HomeNalar PolitikPilkada 2020, Momentum Kejatuhan PDIP?

Pilkada 2020, Momentum Kejatuhan PDIP?

PDIP terpaksa abstain pada beberapa arena di Pilkada serentak 2020 setelah rekomendasi dukungannya terhadap sejumlah bakal pasangan calon “bertepuk sebelah tangan”. Di beberapa daerah, PDIP sebagai partai penguasa nasional juga justru harus tergabung dalam koalisi “minoritas”. Lantas, mengapa hal ini bisa terjadi dan akankah ini berdampak lebih besar bagi PDIP ke depannya?


PinterPolitik.com

Istilah “bertepuk sebelah tangan”, yang dapat bermakna tidak mendapat sambutan positif, diabaikan, atau dinafikkan oleh pihak lain, memang meninggalkan kesan tak mengenakkan bagi siapapun yang mengalaminya.
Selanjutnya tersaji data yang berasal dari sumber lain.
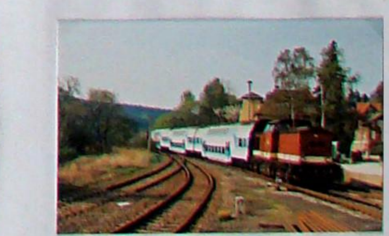
Anlässlich der Eröffnung des neuen Landratsamts-Gebäudes fuhr im Mai 1995 dieser Sonderzug nach Apolda.
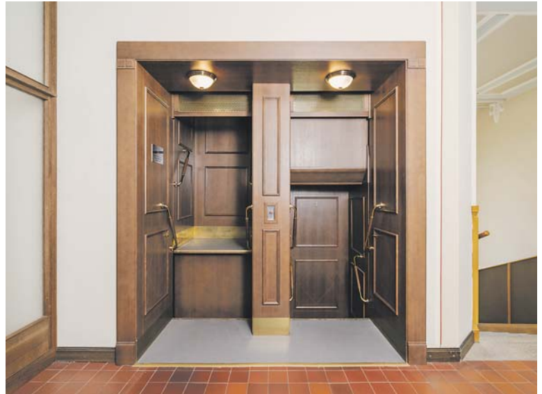
PÁTERNOSTER , kterým se pyšní budova Nové radnice, je úplně prvním výtahem tohoto typu v Česku a datuje se do roku 1911.

Staré Město – Magistrát hl. m. Prahy spustil od 1. června novou komentovanou trasu nazvanou Nová radnice – páternoster tour. Placená vycházka s průvodcem zaveze návštěvníky starší 18 let i do interiérů Nové radnice. Prohlídkový okruh pro širokou veřejnost je zpřístupněn o víkendech, svátcích a ve vybraných podvečerních časech všedních dnů. V rámci prohlídkového okruhu, který má několik zastavení, se návštěvníci svezou nejen oblíbeným páternosterem, ale prohlédnou si také vybrané interiéry historické budovy Nové radnice, které nejsou veřejnosti běžně přístupné. K vidění bude například reprezentativní schodiště z roku 1911 obložené mimo jiné mramorem nebo Velká jednací síň Zastupitelstva hl. m. Prahy. (red)
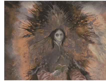
Remedios Varo, Personaje , 1961. Óleo y hoja de plata sobre cartulina. 88x69 cm. Colección particular.

Continuidades, Rupturas y Disidencias explora cómo estas artistas fusionaron vanguardias y tradición mediante propuestas innovadoras que abordan temas como el feminismo y la censura, posicionándose en el panorama artístico. Finalmente, Memorias Colectivas vincula el legado de estas artistas con la memoria del exilio, invitando al público a reflexionar sobre los procesos de migración y la construcción de identidades.
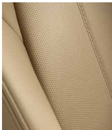
Sellerie en cuir Nappa Tan avec surpiqûres contrastantes (KAZARI)
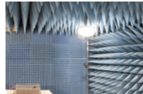
EMV-Labor EMC Laboratory
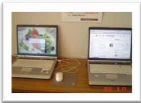
パソコンコーナー
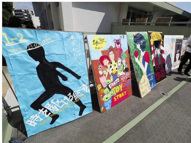
1年生の立て看板。劇や映画を上演しました。

Kesan itulah yang tampaknya saat ini sedang dirasakan oleh Partai Demokrasi Indonesia Perjuangan (PDIP) saat rekomendasi dukungannya terhadap beberapa pasangan calon dalam Pilkada 2020 ditolak, dikembalikan, atau diabaikan.

Jika terjadi hanya pada satu kasus tentu bukan menjadi soal, karena akan dianggap sebagai dinamika politik biasa. Akan tetapi, fenomena tersebut terjadi hampir serempak di sejumlah wilayah dengan momentum yang bersamaan dengan pendaftaran bakal calon ke Komisi Pemilihan Umum (KPU). PDIP pun akhirnya terpaksa tidak berpartisipasi atau abstain pada sejumlah Pilkada 2020 mendatang.
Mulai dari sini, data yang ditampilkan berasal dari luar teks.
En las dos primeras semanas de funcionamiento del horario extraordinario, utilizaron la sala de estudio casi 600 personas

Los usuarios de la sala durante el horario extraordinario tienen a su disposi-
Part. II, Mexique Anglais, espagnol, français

Kasus pertama terjadi pada kontestasi pemilihan Gubernur Sumatera Barat (Sumbar). Pasangan Mulyadi-Ali Mukhni yang diusung Demokrat dan Partai Amanat Nasional (PAN), awalnya juga mendapat dukungan langsung dari PDIP.

Bahkan dukungan tersebut disampaikan langsung oleh Ketua Bidang Pemerintahan, Pertahanan dan Keamanan PDIP, Puan Maharani. Akan tetapi, polemik yang dipicu oleh nama terakhir disinyalir membuat rekomendasi PDIP tersebut akhirnya dikembalikan dan membuat partai banteng tak berpartisipasi di Sumbar.
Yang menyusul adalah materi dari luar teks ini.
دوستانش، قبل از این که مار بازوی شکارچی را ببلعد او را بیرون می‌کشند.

Sementara di Kabupaten Lima Puluh Kota, Sumbar, petahana Irfendi Arbi yang merupakan kader PDIP gagal berlaga di Pilkada karena tidak didukung oleh satupun partai lainnya. Dua kursi di DPRD yang dimiliki PDIP jauh dari kata cukup untuk mengusung Irfendi dan turut membuat PDIP hanya akan jadi penonton di Pilkada Kabupaten yang terkenal dengan Lembah Harau itu.

Tak hanya di Sumbar, PDIP bahkan seperti dicampakkan di Kota Cilegon saat rekomendasi untuk memasangkan kadernya mendampingi calon dari Partai Berkarya, Helldy Agustian dihiraukan. Helldy memilih berkoalisi dengan Partai Keadilan Sejahtera (PKS) sekaligus menunjuk Sanuji sebagai wakilnya. PDIP pun absen di Cilegon.

Tak cukup sampai di situ, PDIP juga hanya menjadi minoritas di Kota Surabaya saat hanya didampingi oleh Partai Solidaritas Indonesia (PSI) ketika mengusung Eri Cahyadi-Armuji. Mereka harus bertarung dengan Machfud-Mujiaman yang dibekingi koalisi delapan partai.

Meskipun tidak terjadi di seluruh wilayah kontestasi, kredibilitas PDIP tentu menjadi dipertanyakan mengingat seharusnya dukungan dari satu kursi partai politik (parpol) pun sangat berarti pada sebuah pesta demokrasi, terlebih yang berasal dari partai penguasa.

Lalu, mengapa tren penolakan rekomendasi PDIP di sejumlah wilayah tersebut bisa terjadi? Serta apakah hal ini merupakan gejala yang lebih buruk bagi partai besutan Megawati Soekarnoputri itu ke depannya?

Torehkan Sejarah Pahit?

Fenomena “terkucilkannya” PDIP tersebut tampaknya tidak dapat dilepaskan dari perhitungan konsekuensi dalam menghadapi persaingan elektoral Pilkada 2020 itu sendiri.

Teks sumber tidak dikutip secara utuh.